• _Exercise goal_
Your answer is the lines below, exactly, from the one that contains "연료가격 기준은 2021.08.25 (출처: 한국석유공사 오피넷)" through the one that contains "Hennef. Die DWA", both included.

++++ Data listing ++++

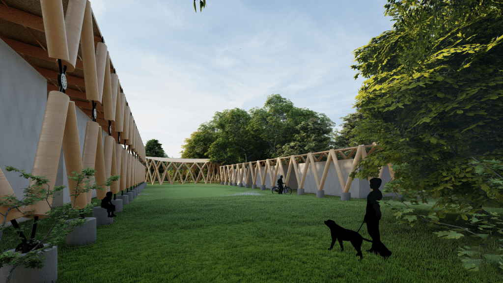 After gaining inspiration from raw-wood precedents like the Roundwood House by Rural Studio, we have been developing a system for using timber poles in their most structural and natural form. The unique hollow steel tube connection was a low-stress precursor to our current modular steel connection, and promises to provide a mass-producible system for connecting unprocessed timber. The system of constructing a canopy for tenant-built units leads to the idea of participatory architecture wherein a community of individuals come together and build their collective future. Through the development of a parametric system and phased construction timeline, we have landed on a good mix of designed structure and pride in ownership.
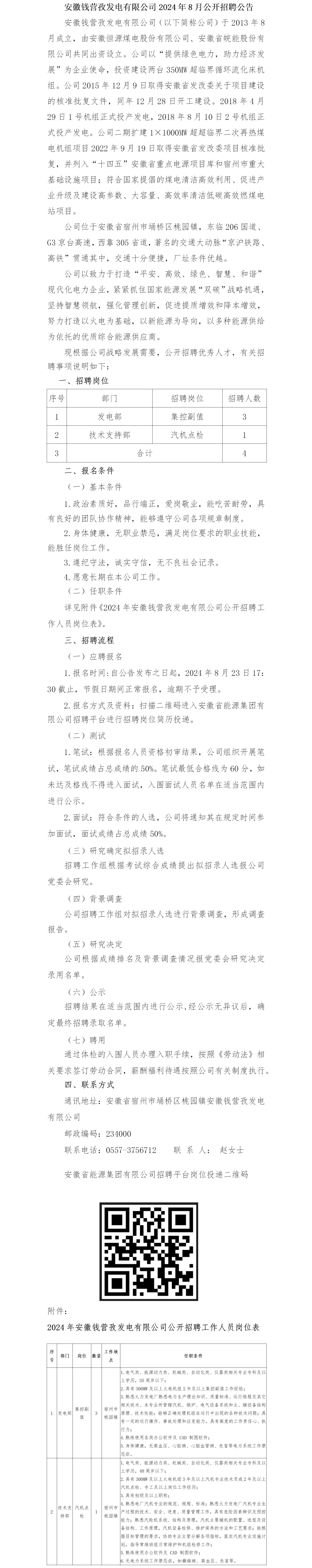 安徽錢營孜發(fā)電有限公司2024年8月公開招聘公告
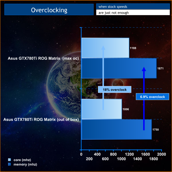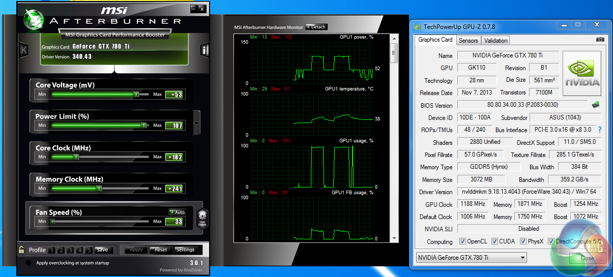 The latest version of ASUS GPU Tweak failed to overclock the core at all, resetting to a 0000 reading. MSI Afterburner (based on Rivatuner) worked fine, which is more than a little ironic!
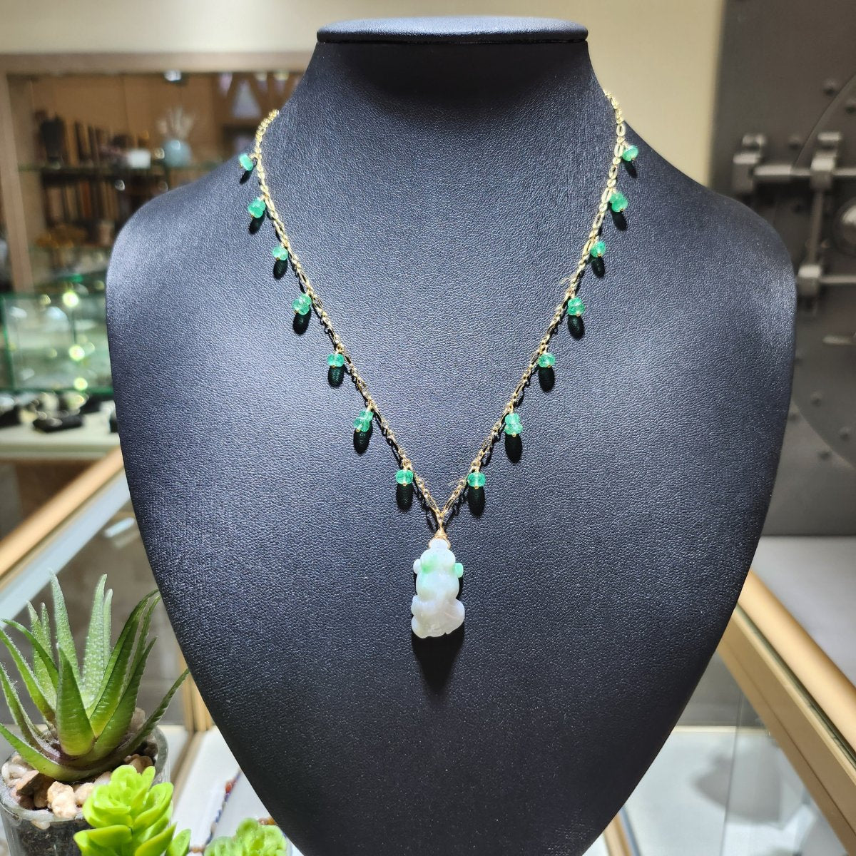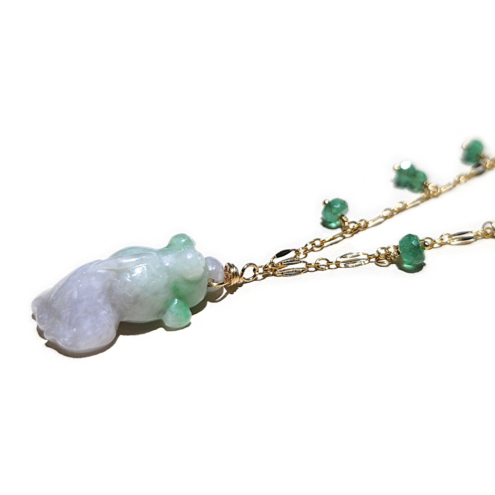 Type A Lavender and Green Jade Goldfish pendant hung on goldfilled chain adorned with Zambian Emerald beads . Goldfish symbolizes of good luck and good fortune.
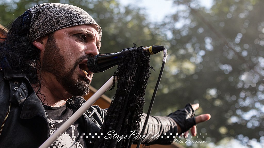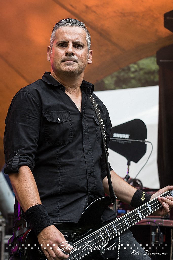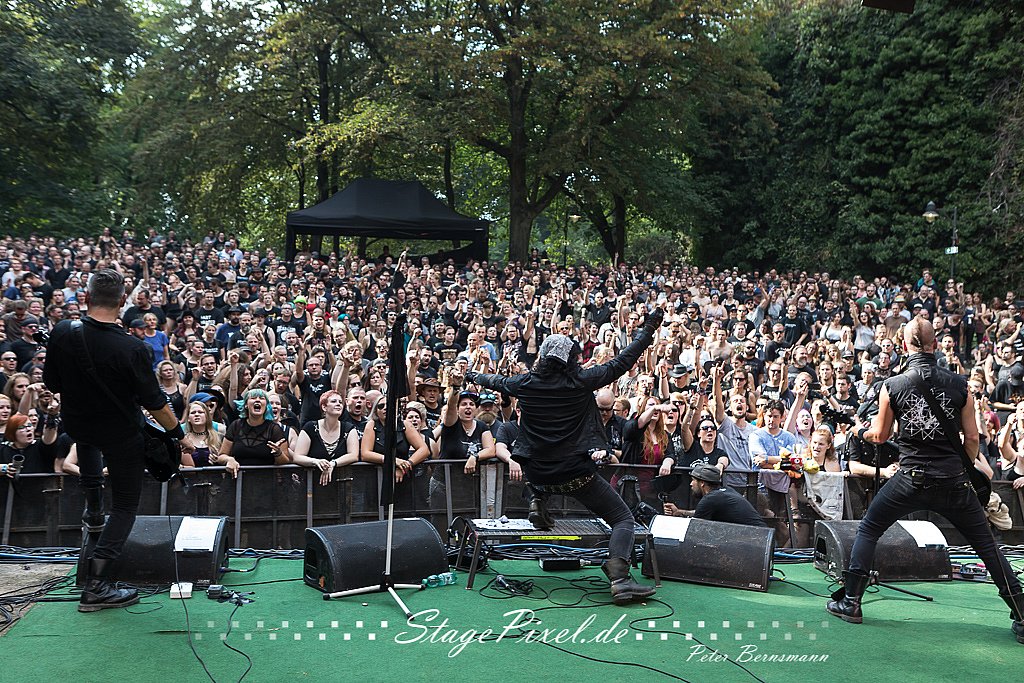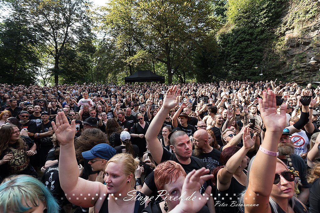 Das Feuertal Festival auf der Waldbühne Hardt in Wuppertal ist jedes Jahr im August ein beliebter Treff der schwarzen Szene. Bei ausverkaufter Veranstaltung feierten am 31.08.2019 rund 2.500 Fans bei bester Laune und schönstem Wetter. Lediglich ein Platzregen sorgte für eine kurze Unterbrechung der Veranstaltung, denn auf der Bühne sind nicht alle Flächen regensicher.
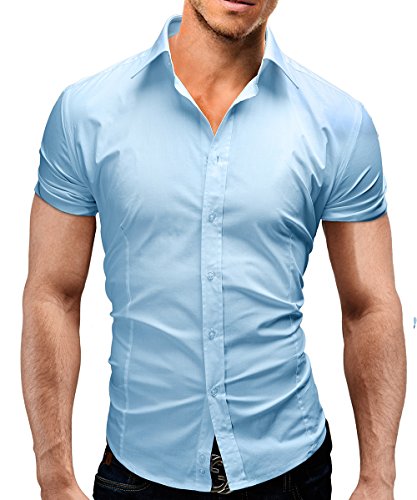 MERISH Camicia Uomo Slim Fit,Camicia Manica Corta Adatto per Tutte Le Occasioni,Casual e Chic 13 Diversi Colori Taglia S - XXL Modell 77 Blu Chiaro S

++++
++++ Data listing ++++

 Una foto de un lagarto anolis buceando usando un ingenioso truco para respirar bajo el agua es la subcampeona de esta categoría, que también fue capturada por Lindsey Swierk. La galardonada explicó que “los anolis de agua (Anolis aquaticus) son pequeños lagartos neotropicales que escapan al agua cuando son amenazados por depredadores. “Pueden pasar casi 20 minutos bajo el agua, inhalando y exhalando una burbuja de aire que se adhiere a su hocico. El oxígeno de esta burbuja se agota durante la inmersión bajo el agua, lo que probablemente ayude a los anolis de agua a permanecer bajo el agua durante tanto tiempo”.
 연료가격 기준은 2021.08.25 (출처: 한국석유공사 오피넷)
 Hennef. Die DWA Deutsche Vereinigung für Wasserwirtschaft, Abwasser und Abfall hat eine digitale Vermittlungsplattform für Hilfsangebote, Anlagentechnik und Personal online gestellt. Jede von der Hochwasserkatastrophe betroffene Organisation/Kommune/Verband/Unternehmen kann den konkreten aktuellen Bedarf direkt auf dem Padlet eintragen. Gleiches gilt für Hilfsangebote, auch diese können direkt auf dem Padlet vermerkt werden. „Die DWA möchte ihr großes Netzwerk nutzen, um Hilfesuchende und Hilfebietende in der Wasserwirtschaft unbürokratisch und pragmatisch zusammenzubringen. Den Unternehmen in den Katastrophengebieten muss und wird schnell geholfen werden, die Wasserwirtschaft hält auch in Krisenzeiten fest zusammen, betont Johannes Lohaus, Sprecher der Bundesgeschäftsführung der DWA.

++++
++++ Data listing ++++

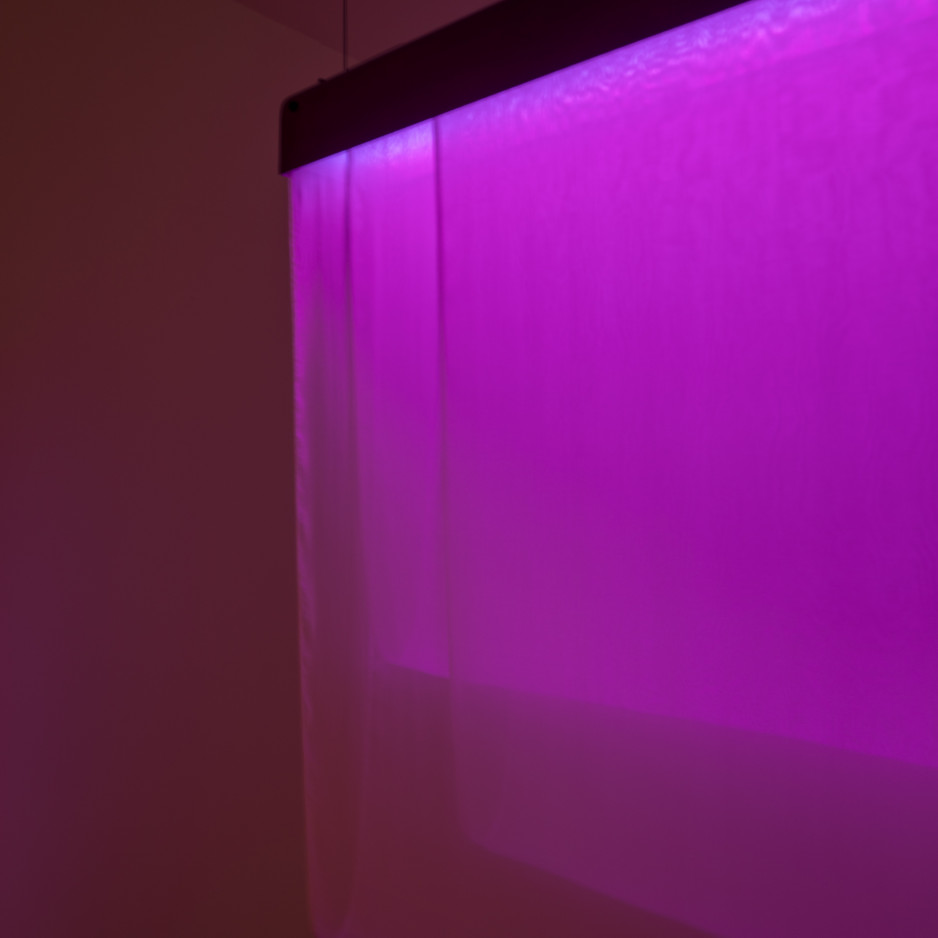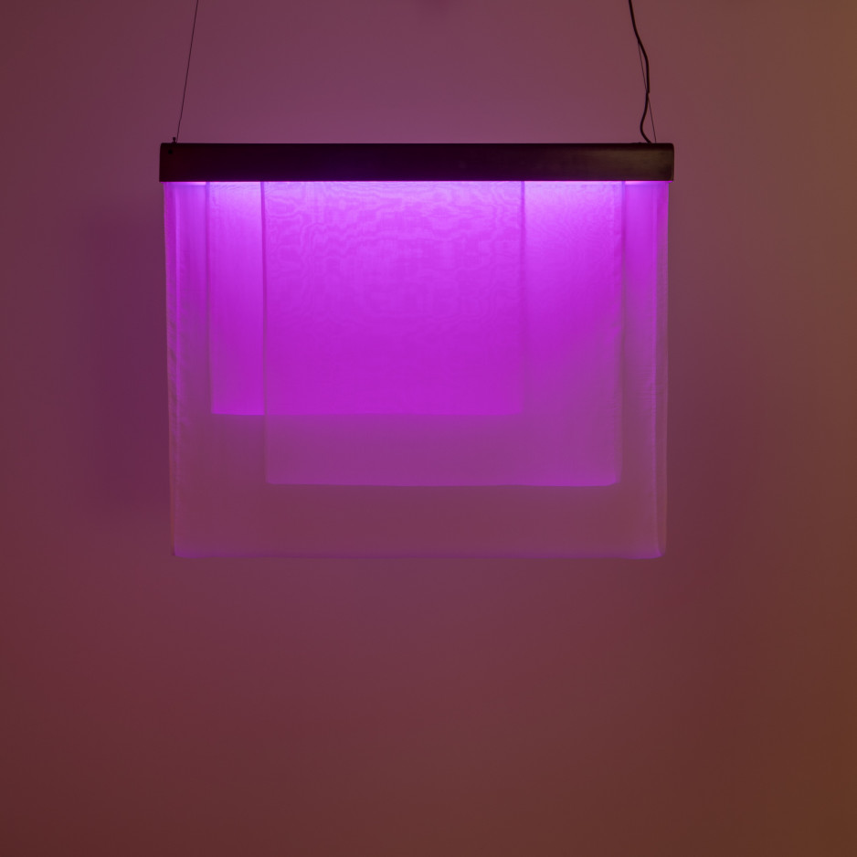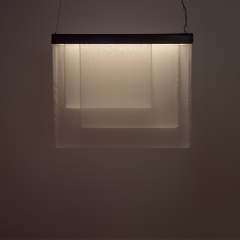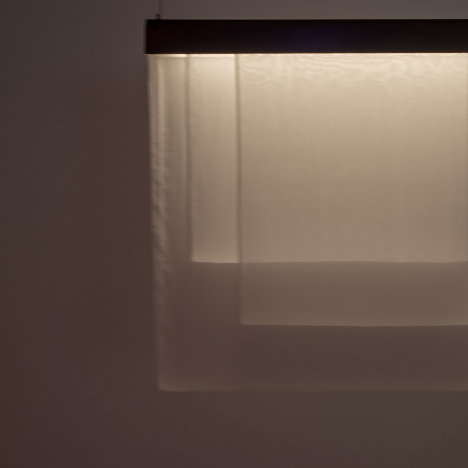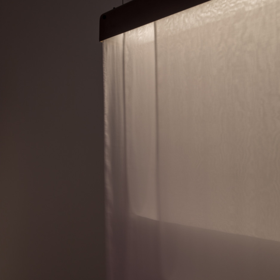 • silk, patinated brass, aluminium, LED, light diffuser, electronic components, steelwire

++++

• _Finished task_
 연료가격 기준은 2021.08.25 (출처: 한국석유공사 오피넷)
 Hennef. Die DWA Deutsche Vereinigung für Wasserwirtschaft, Abwasser und Abfall hat eine digitale Vermittlungsplattform für Hilfsangebote, Anlagentechnik und Personal online gestellt. Jede von der Hochwasserkatastrophe betroffene Organisation/Kommune/Verband/Unternehmen kann den konkreten aktuellen Bedarf direkt auf dem Padlet eintragen. Gleiches gilt für Hilfsangebote, auch diese können direkt auf dem Padlet vermerkt werden. „Die DWA möchte ihr großes Netzwerk nutzen, um Hilfesuchende und Hilfebietende in der Wasserwirtschaft unbürokratisch und pragmatisch zusammenzubringen. Den Unternehmen in den Katastrophengebieten muss und wird schnell geholfen werden, die Wasserwirtschaft hält auch in Krisenzeiten fest zusammen, betont Johannes Lohaus, Sprecher der Bundesgeschäftsführung der DWA.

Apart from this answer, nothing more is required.